An example of tracking positions is coming soon. For now, feel free to contact us with questions!

Notifying the systematics object of deaths

You must notify the systematics manager of deaths using the remove_org family of functions.

As an example (again, building on the previous examples):

# Assume stuff happens that causes my_org to die

# We notify the systematics manager that this has happened by calling remove_org
# Note that remove_org takes the taxon of the dead organism as an argument, not
# the organism itself
syst.remove_org(my_org.taxon)

Importing and exporting data

Phylotrackpy has native support to load and save phylogenies via CSV files formatted according to the Alife data standard phylogeny format.

# save our phylogeny to file
syst.snapshot("phylo.csv")

# load a phylogeny from file
loaded_syst = systematics.Systematics(lambda org: org.genotype)
loaded_syst.load_from_file("phylo.csv", "id")

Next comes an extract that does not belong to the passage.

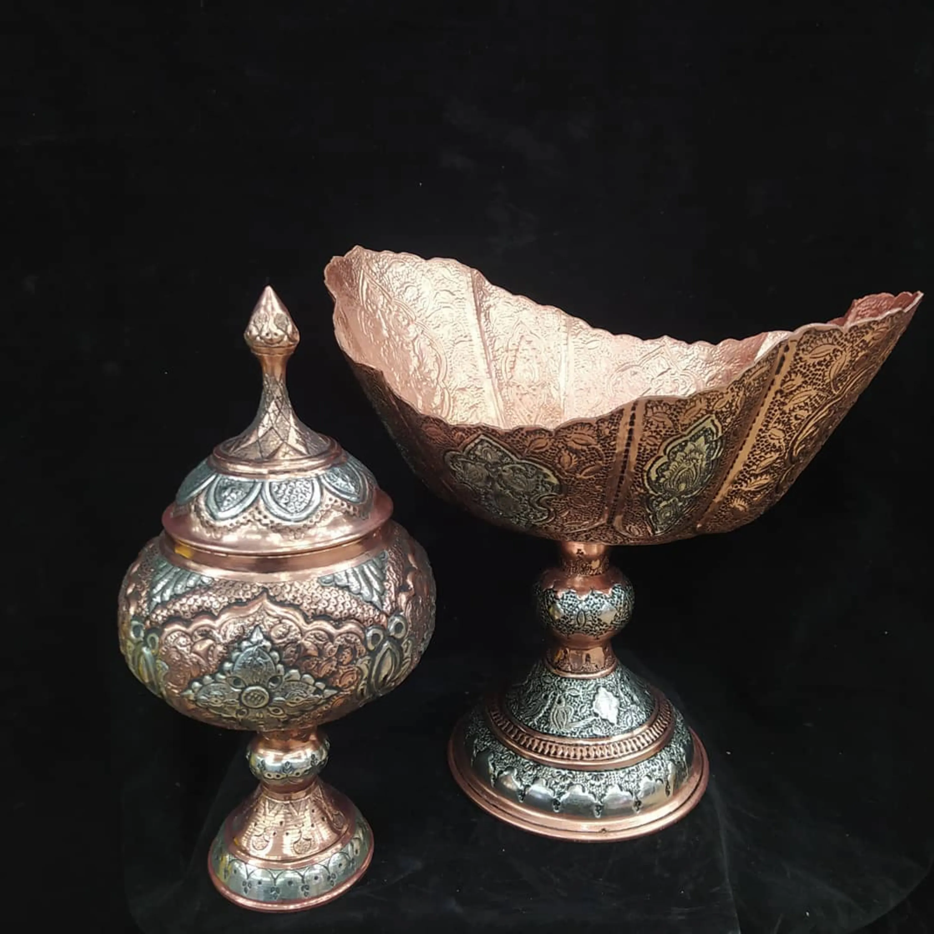 کاسه کشکول سایز 1کعب دار و قندون 26 سانتی اب دورنگ خورده سیاه قلم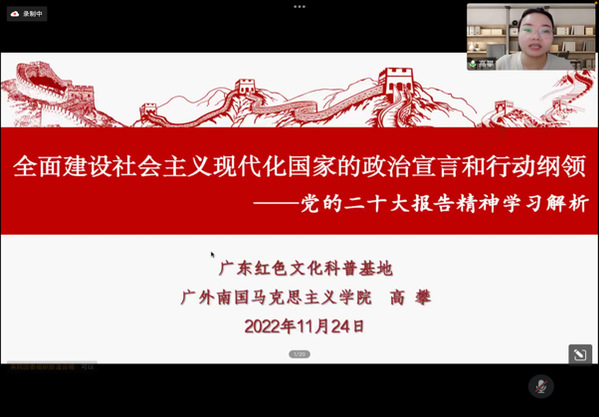 高攀以《全面建设社会主义现代化国家的政治宣言和行动纲领》为题,从基本脉络、核心要点、学习贯彻三个方面对党的二十大精神进行深入解读。

Capability to interoperate with other phylogenetic computing libraries (BioPython, DendroPy, ETE) and bioinformatics serialization schemas (newick, nexml, nexus) is provided through support from alifedata-phyloinformatics-convert.

import io
from pathlib import Path

import alifedata_phyloinformatics_convert as apc
import Bio
import dendropy
import ete3 as ete


# 1) initialize RosettaTree converter
# ... with PhylotrackPy data
converter = apc.RosettaTree(syst)
# ... or from other libraries' data structures
converter = apc.RosettaTree(
  Bio.Phylo.read(io.StringIO("(A,B,(C,D));"), "newick"),
)
converter = apc.RosettaTree(
  dendropy.Tree.get(data="(A,B,(C,D));", schema="newick"),
)
converter = apc.RosettaTree(
  ete.Tree("(A,B,(C,D));"),
)
# ... or by deserializing from newick, nexml, or nexus formats
converter = apc.RosettaTree.from_newick("(A,B,(C,D));")
converter = apc.RosettaTree.from_nexml(Path("path/to/phylo.nemxl"))
with open("path/to/phlo.nexus", "r") as fp:
  converter = apc.RosettaTree.from_nexus(fp)

# 2) transform data as desired 
# ... coerce to PhylotrackPy data structure
converter.as_phylotrack
# ... coerce to other libraries' data structures
converter.as_alife  # pandas DataFrame
converter.as_biopython
converter.as_dendropy
converter.as_ete
converter.as_networkx
# ... serialize to standard formats
converter.to_newick()  # returns newick string
converter.to_nexml(Path("phylo.nexml"))  # writes to path
with open("phylo.nexus", "w") as fp:  # writes to file object
  converter.to_nexus(fp)

See the alifedata-phyloinformatics-convert documentation for further information.